Although the study by Boutin et al. (2017) firmly validates K-RAS as a therapeutic target for CRC, the fact remains that it is not presently possible to target K-RAS directly. Instead, current efforts to develop targeted therapies for K-RAS mutant cancers focus on downstream pathways. The study by Boutin et al. (2017) revealed that metastases arose only from tumors expressing mutant K-RAS and that the TGFB1/CMS4 transcriptional signature identified in human CRCs is strongly enhanced in K-RAS mutant adenocarcinomas relative to K-RAS wild-type adenomas. The investigators then demonstrated that TGF-β treatment enhanced invasion of mouse CRC cells in the absence of mutant K-RAS, while TGF-β inhibition decreased invasion of K-RAS mutant cells. Together, these data suggest that TGF-β activation by mutant K-RAS is an important step in CRC invasion and metastasis in this mouse model.

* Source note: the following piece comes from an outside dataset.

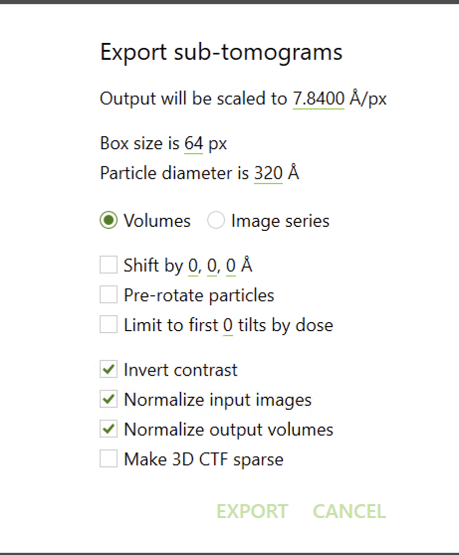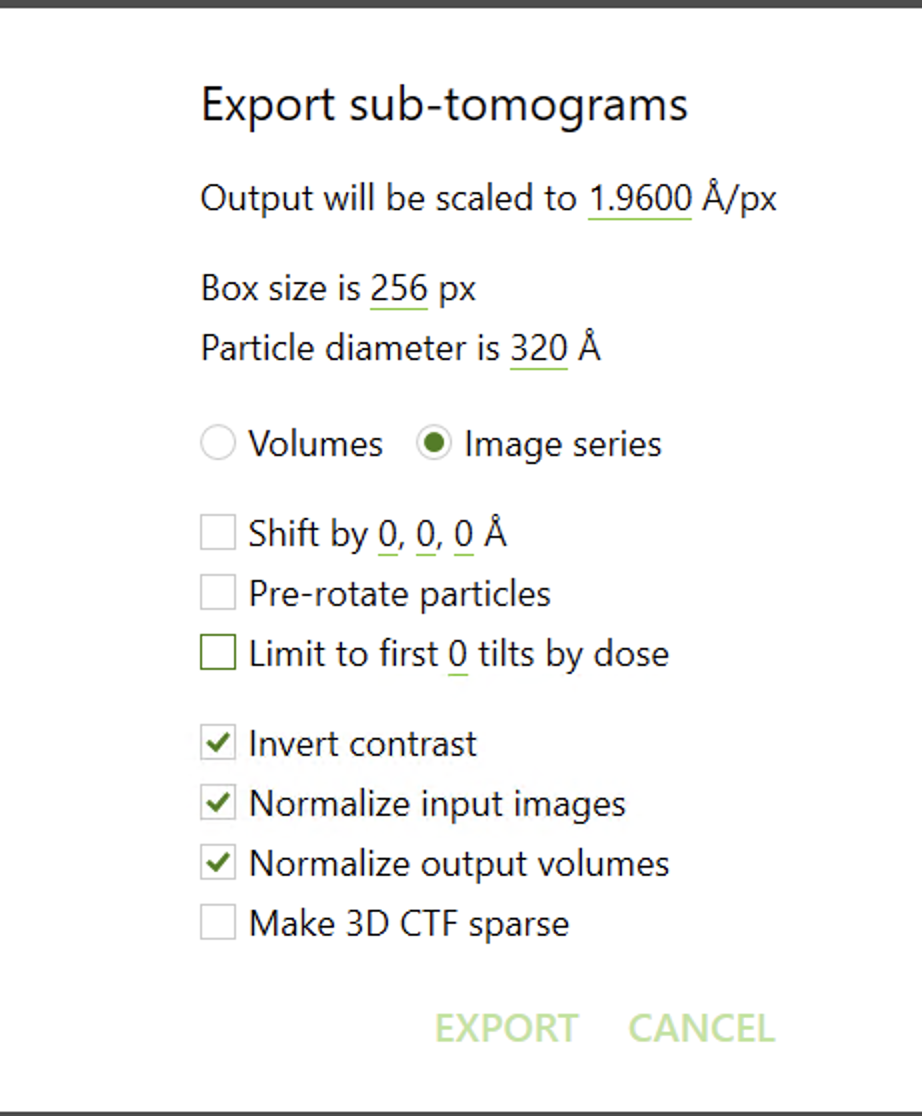 If you intend to perform subvolume refinement or tomogram visualization, we recommend also exporting highly binned subvolumes to generate a 3D star file at this stage, since additional Warp/M processing could result in particle reordering (!), which would affect downstream refinement if filtering with cryoDRGN-ET.

TGF-β signaling is initiated upon ligand binding to type I and type II serine/threonine kinase receptors (TGFBRI and TGFBRII), which then feed into the SMAD family of intracellular proteins that regulate contextual transcriptional responses. TGF-β signaling can have tumor-suppressive activity, including induction of cell cycle arrest and apoptosis. Paradoxically, TGF-β signaling also induces protumorigenic effects, such as epithelial-to-mesenchymal transition (EMT) and invasion, consistent with its potential role downstream from K-RAS in the Boutin et al. (2017) model. Nevertheless, the TGF-β pathway is frequently inactivated in CRC through mutation of TGFBRII or SMADs, suggesting that it is most commonly functioning as a tumor suppressor pathway in this tumor context. In mice, combined TGFBRII loss and K-RAS activation leads to intestinal tumorigenesis in the absence of an APC mutation, and these tumors metastasize to the lung (Trobridge et al. 2009). However, when TGF-β signaling remains intact, as in the Boutin et al. (2017) model, cells can take advantage of the EMT- and invasion-promoting effects. Indeed, oncogenic RAS and RAF are known to promote a TGF-β autocrine loop to stimulate EMT and tumor invasion (Oft et al. 1996; Lehmann et al. 2000; Fujimoto et al. 2001). This autocrine loop is likely functioning in the Boutin et al. (2017) model, as TGF-β1 is up-regulated by mutant K-RAS. Of note, TGF-β1 is overexpressed in a subset of human CRCs and is associated with increased metastasis and poor prognosis (Zhu et al. 2015). Nevertheless, K-RAS mutation and TGF-β1 overexpression are mutually exclusive in human CRCs (The Cancer Genome Atlas Network 2012), so the molecular mechanisms linking activated K-RAS to TGF-β signaling may be distinct in mice and humans. Regardless, the study by Boutin et al. (2017) provides an excellent example of how next-generation mouse models can be used to validate therapeutic targets and decipher molecular mechanisms of tumor progression.